American-bred Thoroughbred racehorse

Captain's Gig (foaled 1965 in Kentucky) was an American Thoroughbred racehorse.

==Background==
Captain's Gig was bred and raced by Harry Guggenheim's Cain Hoy Stable. Sired by Turn-To, his dam was Guggenheim's good runner Make Sail who in 1960 won the Kentucky Oaks and Alabama Stakes.
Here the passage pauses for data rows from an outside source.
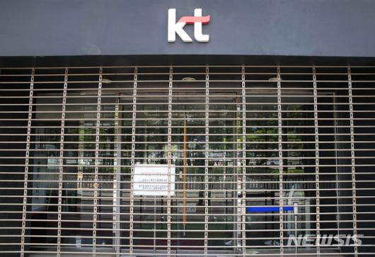 [서울=뉴시스] 박민석 기자 = 서울 종로구 KT 웨스트 사옥 출입문의 셔터가 내려가 있다. 2020.07.05. mspark@newsis.com |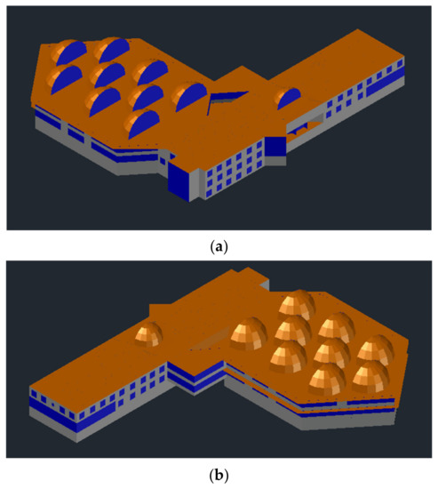 3D library visualization: (a) Northeast view; (b) Southwest view. Blue color is associated with glasses, gray color is associated with walls and orange color is associated with roof and plates.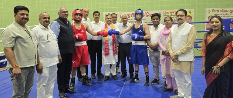 हरिद्वार, 4 अप्रैल 26: उत्तराखंड बॉक्सिंग एसोसिएशन के तत्वावधान में योगस्थली स्पोटर्स स्टेडियम रोशनाबाद में आयोजित राज्य स्तरीय बॉक्सिंग प्रतियोगिता के दूसरे दिन के मुकाबलों का शुभारंभ मुख्य अतिथी राज्यमंत्री ओमप्रकाश जमदग्नि ने खिलाड़ियों का परिचय प्राप्त किया। दूसरे दिन पुरूष वर्ग के मुकाबलों में पिथौरागढ़ के सक्षम ने हिमांशु बोरी को हराकर जीत हासिल की।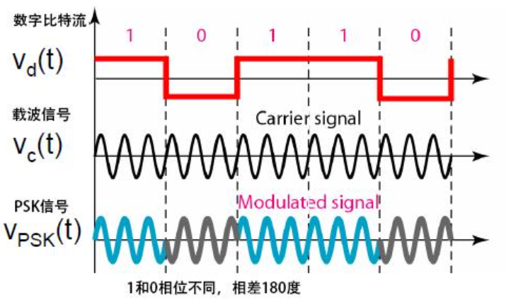 相位调制:通过改变载波信号的相位,使其传输数字信号(0 和 1)。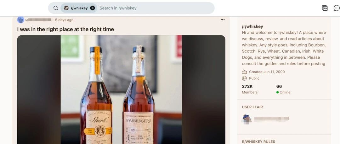 这个社群是我这两天刚好在看这个蔡澜的这个新书《人间智慧三部曲》,里面提到了他如何挑选威士忌,我觉得挺有意思的,就去 Reddit 搜了下威士忌,没想到活跃的人很多。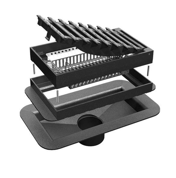 • možnosť montáže priamo pri obrubníku – os odvodnenia 150 mm od obrubníka!!!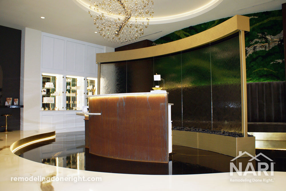 This medical spa needed to create a new space for a unique, urban medical spa. The owner wanted to marry the traditional design of a medical facility with a luxurious spa atmosphere that makes every customer immediately comfortable. With dramatic use of textures, including the eco-core wall tiles, living moss art, and an innovative water feature give the entire office an emphatic wow factor.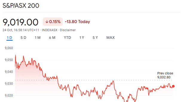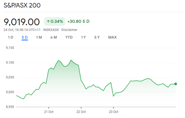 Australia’s main stock market index, the ASX 200, stands at 9,019 points after closing on Friday, October 24, 2025, losing 0.15% from the previous session. The index climbed 2.8% over the past month and is up 9.84% compared to this time last year. Investor sentiment is buoyed by strong macroeconomic factors and sector performance.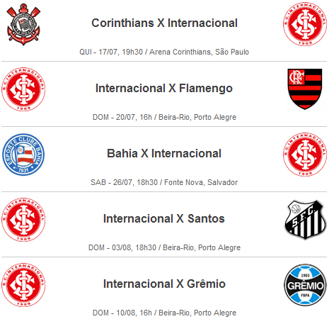Três dias depois, no dia 20, o Inter encara mais um clássico nacional, desta vez contra o Flamengo, no Beira-Rio. Na rodada seguinte, no dia 26, o time de Abel Braga vai até Salvador para enfrentar o Bahia na Fonte Nova. Na sequência, recebe Santos e Grêmio no Gigante.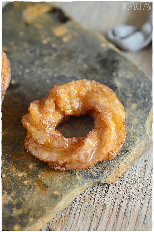 Por último realizamos un almíbar con azúcar glass miel y unas cucharadas de leche en el que introduciremos nuestros crullers una vez fríos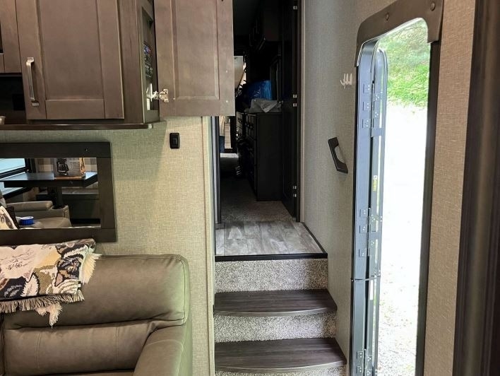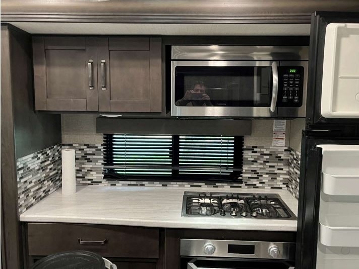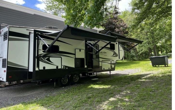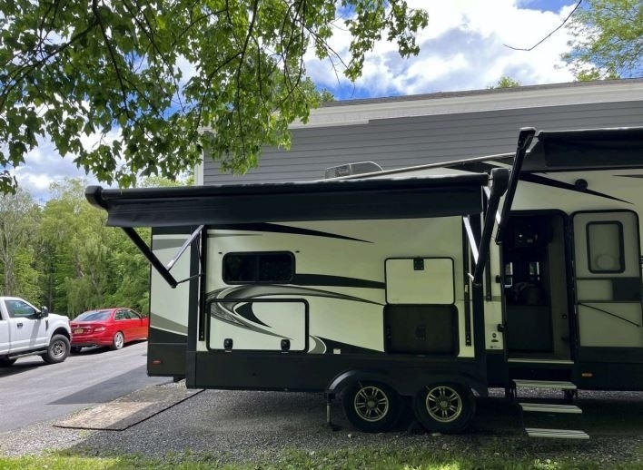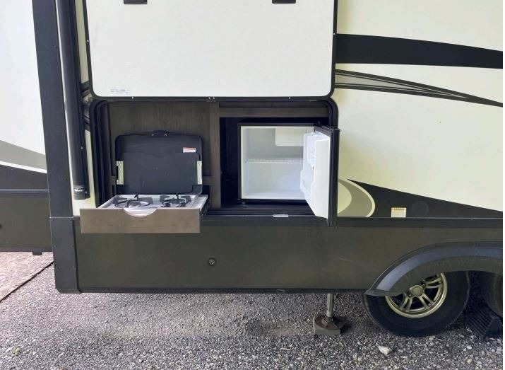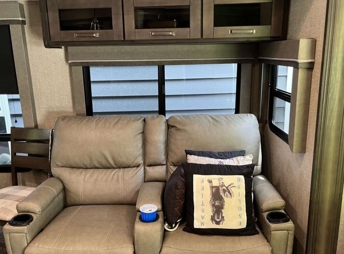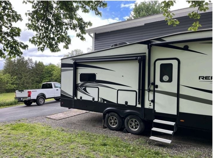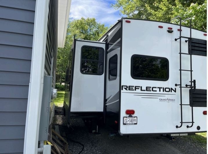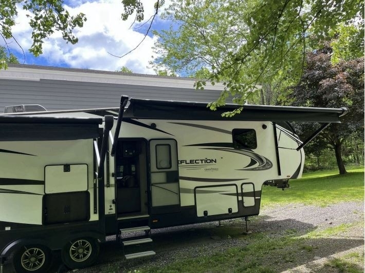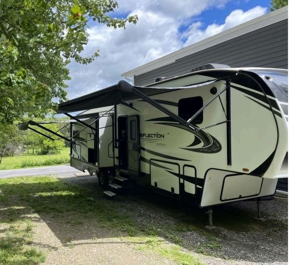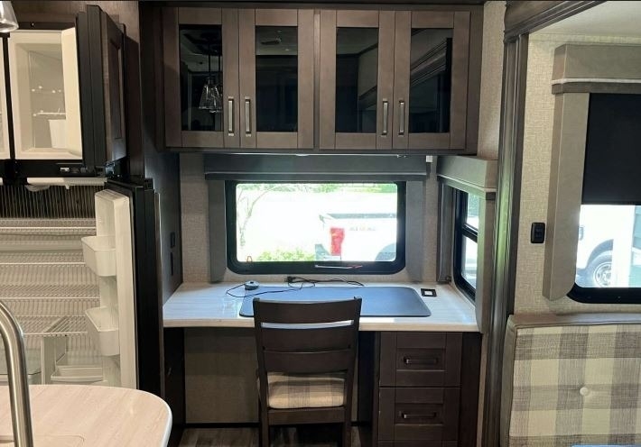 “For sale is a 2020 Grand Design Reflection 320MKS Fifth Wheel, a well-equipped and comfortable rig that's ready for travel or extended stays. It features a residential refrigerator that runs on both gas and electric, along with a convenient front desk area—perfect for remote work or hobbies on the road. The living space includes dual recliners with heat and massage features, a cozy fireplace, and 2 TVs for entertainment. Outside, find a full outdoor kitchen and entertainment setup, ideal for relaxing and hosting under the awning. The tires are about two years old and in great condition, and it also comes with a brand-new RV cover that’s still in the box. This well-maintained fifth wheel offers both comfort and functionality for the next adventure.”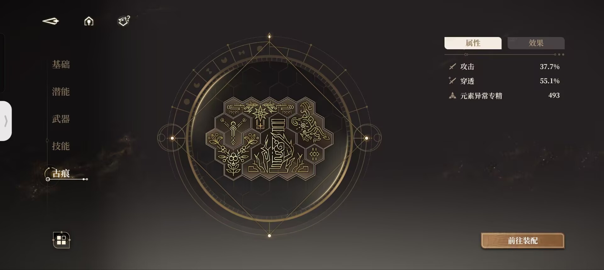 郁离古痕可选为(词条均为攻击,穿透,元素异常):专属(无尽)+沙上+金枝(忘川)+老虎(玉鹤)。此处也可以换掉沙上,上老虎带玉鹤。个人推荐专属沙上金枝老虎。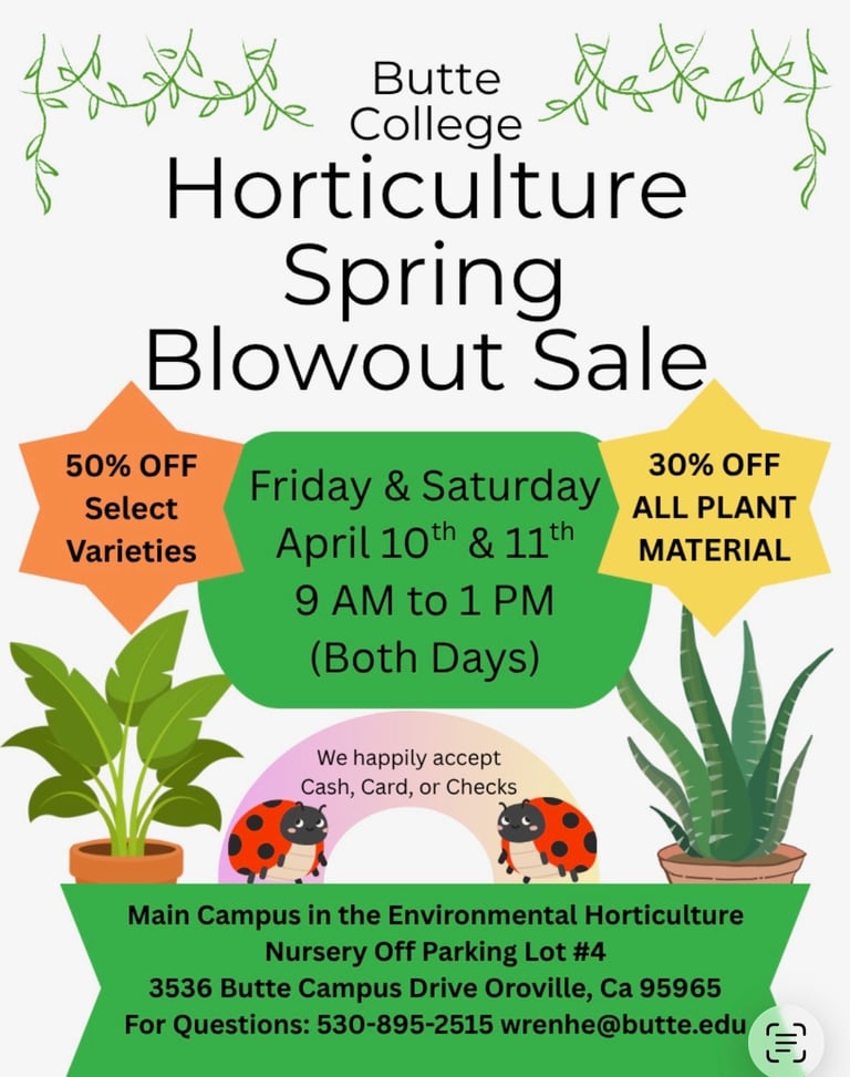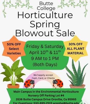 A great plant sale put on by the Horticulture Department at Buttte College. The sale is at the nursery off of parking lot #4. 3535 Butte Campus Drive, Oroville, CA 95965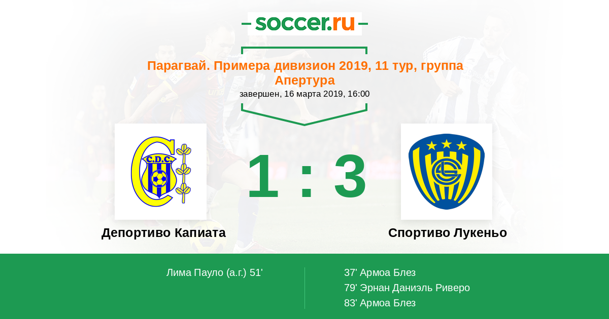 Протокол матча Депортиво Капиата против Спортиво Лукеньо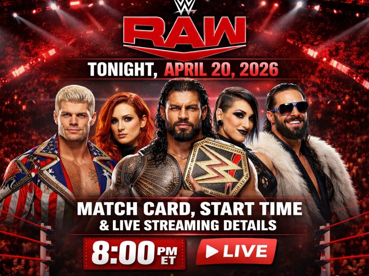 WWE Raw Tonight, April 20, 2026 Live Streaming & Channel Broadcast Details: This Monday’s WWE Raw will present one of the most significant episodes following WrestleMania 42, which wrapped up on Sunday in Las Vegas. The PLE experienced several title shifts, alongside Paige’s return and Bianca Belair’s appearance, during which she revealed her pregnancy. Brock Lesnar declared his retirement following his defeat against Oba Femi. In the main event of Night 1, Cody Rhodes successfully defended against Randy Orton but suffered an injury from an Orton attack afterward, while Night 2 concluded with Roman Reigns overcoming CM Punk to win the World Heavyweight title.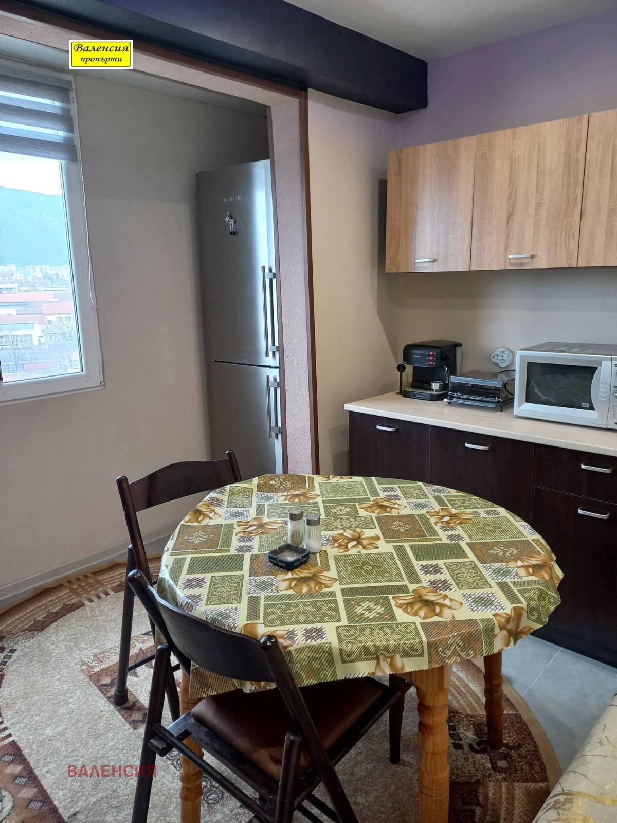 Гарсониера-южна с две тераси, едната приобщена към кухня, друга-свободна, след ремонт:стени-шпакловани, врати -подменени, прозорци-ПВЦ,подове-на гранитогрес и ламинат,отопление-на климатик,централна топла вода, при поискване може да се прикачи и централен тец,напълно обзаведен с всичко необходимо /подходяща за един или двама човека-работещи, без домашни любимци/
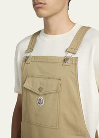 Moncler overalls made from durable cotton gabardine Square neckline Adjustable shoulder straps Front flap pocket with classic logo patch Side slip pockets Back patch pockets Carpenter loop at side Full length Relaxed fit Straight legs Cotton/elastane Made in Bulgaria Online Inquiries: BGS21_NCSPP| Store Inquiries: #4943689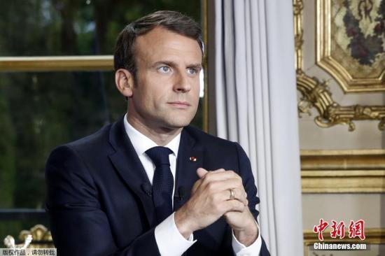 圖為馬克龍視頻講話畫面。中新社記者 李洋 攝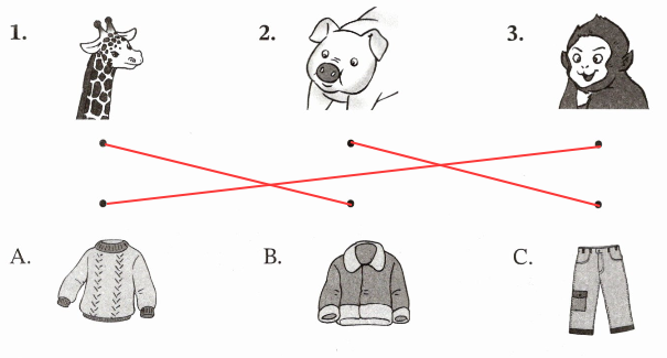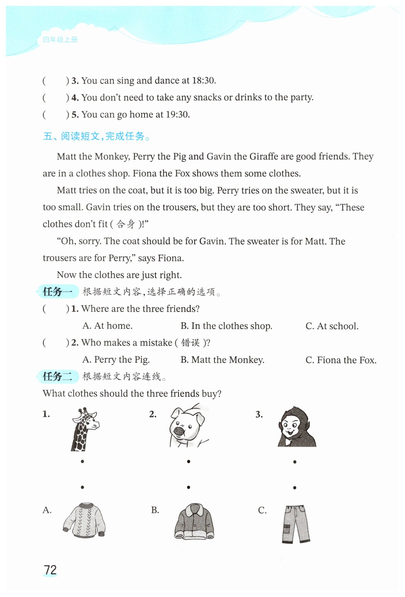 猴子马特、小猪佩里和长颈鹿加文是好朋友。他们在一家服装店。狐狸菲奥娜给他们看了一些衣服。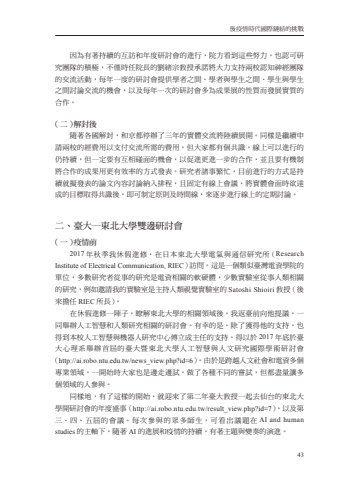 %u5f8c%u75ab%u60c5%u6642%u4ee3%u570b%u969b%u93c8%u7d50%u7684%u6311%u623043%u56e0%u70ba%u6709%u8457%u6301%u7e8c%u7684%u4e92%u8a2a%u548c%u5e74%u5ea6%u7814%u8a0e%u6703%u7684%u9032%u884c%uff0c%u9662%u65b9%u770b%u5230%u9019%u4e9b%u52aa%u529b%uff0c%u4e5f%u8a8d%u53ef%u7814%u7a76%u5718%u968a%u7684%u7a4d%u6975%uff0c%u4e0d%u50c5%u6642%u4efb%u9662%u9577%u7684%u5289%u7dd2%u5b97%u6559%u6388%u627f%u8afe%u5c07%u5927%u529b%u652f%u6301%u5169%u6821%u8a8d%u77e5%u795e%u7d93%u5718%u968a%u7684%u4ea4%u6d41%u6d3b%u52d5%uff0c%u6bcf%u5e74%u4e00%u5ea6%u7684%u7814%u8a0e%u6703%u63d0%u4f9b%u5b78%u8005%u4e4b%u9593%u3001%u5b78%u8005%u8207%u5b78%u751f%u4e4b%u9593%u3001%u5b78%u751f%u8207%u5b78%u751f%u4e4b%u9593%u8a0e%u8ad6%u4ea4%u6d41%u7684%u6a5f%u6703%uff0c%u4ee5%u53ca%u6bcf%u5e74%u4e00%u6b21%u7684%u7814%u8a0e%u6703%u591a%u70ba%u6210%u679c%u5c55%u7684%u6027%u8cea%u800c%u767c%u5c55%u5be6%u8cea%u7684%u5408%u4f5c%u3002%uff08%u4e8c%uff09%u89e3%u5c01%u5f8c%u96a8%u8457%u5404%u570b%u89e3%u5c01%uff0c%u548c%u4eac%u90fd%u505c%u8fa6%u4e86%u4e09%u5e74%u7684%u5be6%u9ad4%u4ea4%u6d41%u5c07%u9678%u7e8c%u5c55%u958b%u3002%u540c%u6a23%u662f%u7e7c%u7e8c%u7533%u8acb%u5169%u6821%u7684%u7d93%u8cbb%u7528%u4ee5%u652f%u4ed8%u4ea4%u6d41%u6240%u9700%u7684%u8cbb%u7528%uff0c%u4f46%u5927%u5bb6%u90fd%u6709%u500b%u5171%u8b58%uff0c%u7dda%u4e0a%u53ef%u4ee5%u9032%u884c%u7684%u4ecd%u6301%u7e8c%uff0c%u4f46%u4e00%u5b9a%u8981%u6709%u4e92%u76f8%u78b0%u9762%u7684%u6a5f%u6703%uff0c%u4ee5%u4fc3%u9032%u66f4%u9032%u4e00%u6b65%u7684%u5408%u4f5c%uff0c%u4e26%u4e14%u8981%u6709%u6a5f%u5236%u5c07%u5408%u4f5c%u7684%u6210%u679c%u7528%u66f4%u6709%u6548%u7387%u7684%u65b9%u5f0f%u767c%u8868%u3002%u7814%u7a76%u8005%u8af8%u4e8b%u7e41%u5fd9%uff0c%u76ee%u524d%u9032%u884c%u7684%u65b9%u5f0f%u662f%u6301%u7e8c%u5c31%u64ec%u767c%u8868%u7684%u8ad6%u6587%u5167%u5bb9%u8a0e%u8ad6%u7d0d%u5165%u6392%u7a0b%uff0c%u4e14%u56fa%u5b9a%u6709%u7dda%u4e0a%u6703%u8b70%uff0c%u5c07%u5be6%u9ad4%u6703%u9762%u6642%u6b32%u9054%u6210%u7684%u76ee%u6a19%u53d6%u5f97%u5171%u8b58%u5f8c%uff0c%u5373%u53ef%u5236%u5b9a%u539f%u5247%u53ca%u6642%u9593%u7dda%uff0c%u4f86%u9010%u6b65%u9032%u884c%u7dda%u4e0a%u7684%u5b9a%u671f%u8a0e%u8ad6%u3002%u4e8c%u3001%u81fa%u5927%u2500%u6771%u5317%u5927%u5b78%u96d9%u908a%u7814%u8a0e%u6703%uff08%u4e00%uff09%u75ab%u60c5%u524d2017 %u5e74%u79cb%u5b63%u6211%u4f11%u5047%u9032%u4fee%uff0c%u5728%u65e5%u672c%u6771%u5317%u5927%u5b78%u96fb%u6c23%u8207%u901a%u4fe1%u7814%u7a76%u6240%uff08Research Institute of Electrical Communication, RIEC%uff09%u8a2a%u554f%u3002%u9019%u662f%u4e00%u500b%u985e%u4f3c%u81fa%u7063%u96fb%u8cc7%u5b78%u9662%u7684%u55ae%u4f4d%uff0c%u591a%u6578%u7814%u7a76%u8005%u5f9e%u4e8b%u7684%u7814%u7a76%u662f%u96fb%u8cc7%u76f8%u95dc%u7684%u8edf%u786c%u9ad4%uff0c%u5c11%u6578%u5be6%u9a57%u5ba4%u5f9e%u4e8b%u4eba%u985e%u76f8%u95dc%u7684%u7814%u7a76%uff0c%u4f8b%u5982%u9080%u8acb%u6211%u7684%u5be6%u9a57%u5ba4%u662f%u4e3b%u6301%u4eba%u985e%u8996%u89ba%u5be6%u9a57%u5ba4%u7684 Satoshi Shioiri %u6559%u6388%uff08%u5f8c%u4f86%u64d4%u4efb RIEC %u6240%u9577%uff09%u3002%u5728%u4f11%u5047%u9032%u4fee%u4e00%u9663%u5b50%uff0c%u77ad%u89e3%u6771%u5317%u5927%u5b78%u7684%u76f8%u95dc%u9818%u57df%u5f8c%uff0c%u6211%u8fd4%u81fa%u524d%u5411%u4ed6%u63d0%u8b70%uff0c%u4e00%u540c%u8209%u8fa6%u4eba%u5de5%u667a%u6167%u548c%u4eba%u985e%u7814%u7a76%u76f8%u95dc%u7684%u7814%u8a0e%u6703%u3002%u6709%u5e78%u7684%u662f%uff0c%u9664%u4e86%u7372%u5f97%u4ed6%u7684%u652f%u6301%uff0c%u4e5f%u5f97%u5230%u672c%u6821%u4eba%u5de5%u667a%u6167%u8207%u6a5f%u5668%u4eba%u7814%u7a76%u4e2d%u5fc3%u5085%u7acb%u6210%u4e3b%u4efb%u7684%u652f%u6301%uff0c%u5f97%u4ee5%u65bc 2017 %u5e74%u5e95%u65bc%u81fa%u5927%u5fc3%u7406%u7cfb%u8209%u8fa6%u9996%u5c46%u7684%u81fa%u5927%u66a8%u6771%u5317%u5927%u5b78%u4eba%u5de5%u667a%u6167%u8207%u4eba%u6587%u7814%u7a76%u570b%u969b%u5b78%u8853%u7814%u8a0e%u6703%uff08http://ai.robo.ntu.edu.tw/news_view.php?id=6%uff09%u3002%u7531%u65bc%u662f%u8de8%u8d8a%u4eba%u6587%u793e%u6703%u548c%u96fb%u8cc7%u591a%u500b%u5c08%u696d%u9818%u57df%uff0c%u4e00%u958b%u59cb%u6642%u5927%u5bb6%u4e5f%u662f%u908a%u8d70%u908a%u8a66%uff0c%u505a%u4e86%u5404%u7a2e%u4e0d%u540c%u7684%u5617%u8a66%uff0c%u4f46%u90fd%u76e1%u91cf%u8b93%u591a%u500b%u9818%u57df%u7684%u4eba%u53c3%u8207%u3002%u540c%u6a23%u5730%uff0c%u6709%u4e86%u9019%u6a23%u7684%u958b%u59cb%uff0c%u5c31%u8fce%u4f86%u4e86%u7b2c%u4e8c%u5e74%u81fa%u5927%u6559%u6388%u4e00%u8d77%u53bb%u4ed9%u53f0%u7684%u6771%u5317%u5927%u5b78%u958b%u7814%u8a0e%u6703%u7684%u5e74%u5ea6%u76db%u4e8b%uff08http://ai.robo.ntu.edu.tw/result_view.php?id=7%uff09%uff0c%u4ee5%u53ca%u7b2c%u4e09%u3001%u56db%u3001%u4e94%u5c46%u7684%u6703%u8b70%u3002%u6bcf%u6b21%u53c3%u8207%u7684%u773e%u591a%u5e2b%u751f%uff0c%u53ef%u770b%u51fa%u8b70%u984c%u5728 AI and human studies %u7684%u4e3b%u8ef8%u4e0b%uff0c%u96a8%u8457 AI %u7684%u9032%u5c55%u548c%u75ab%u60c5%u7684%u6301%u7e8c%uff0c%u6709%u8457%u4e3b%u984c%u8207%u8b8a%u594f%u7684%u6f14%u9032%u3002

Damsire Ambiorix was the Leading sire in North America in 1961 and the Leading broodmare sire in Great Britain & Ireland in 1963. He was trained by Bill Stephens,

==Racing career==
Captain's Gig won three of five starts at age two in 1967. His wins that year included the most prestigious race for American juveniles, the Futurity Stakes at Aqueduct in which he set a new track record. As a three-year-old en route to the first leg of the 1968 U.S. Triple Crown series, the lightly raced colt won an Allowance race followed by a 3½ length win in the Forerunner Purse at Keeneland. He then ran away from the field in capturing the Stepping Stone Purse by eight lengths at Churchill Downs. Sent off as the fourth choice by bettors in the Kentucky Derby, Captain's Gig finished tenth. The colt went on to run second in both the Jersey Derby and the Jerome Handicap
but won the Jim Dandy Stakes at Saratoga Race Course.

==Stud record==
Captain's Gig was retired to stud for the 1970 season. He stood in the United States in 1970 and 1971 then was sent to breeders in Ireland in time for the 1972 season. He was not a very successful at stud, but did sire Manado, the leading European two-year-old of 1975.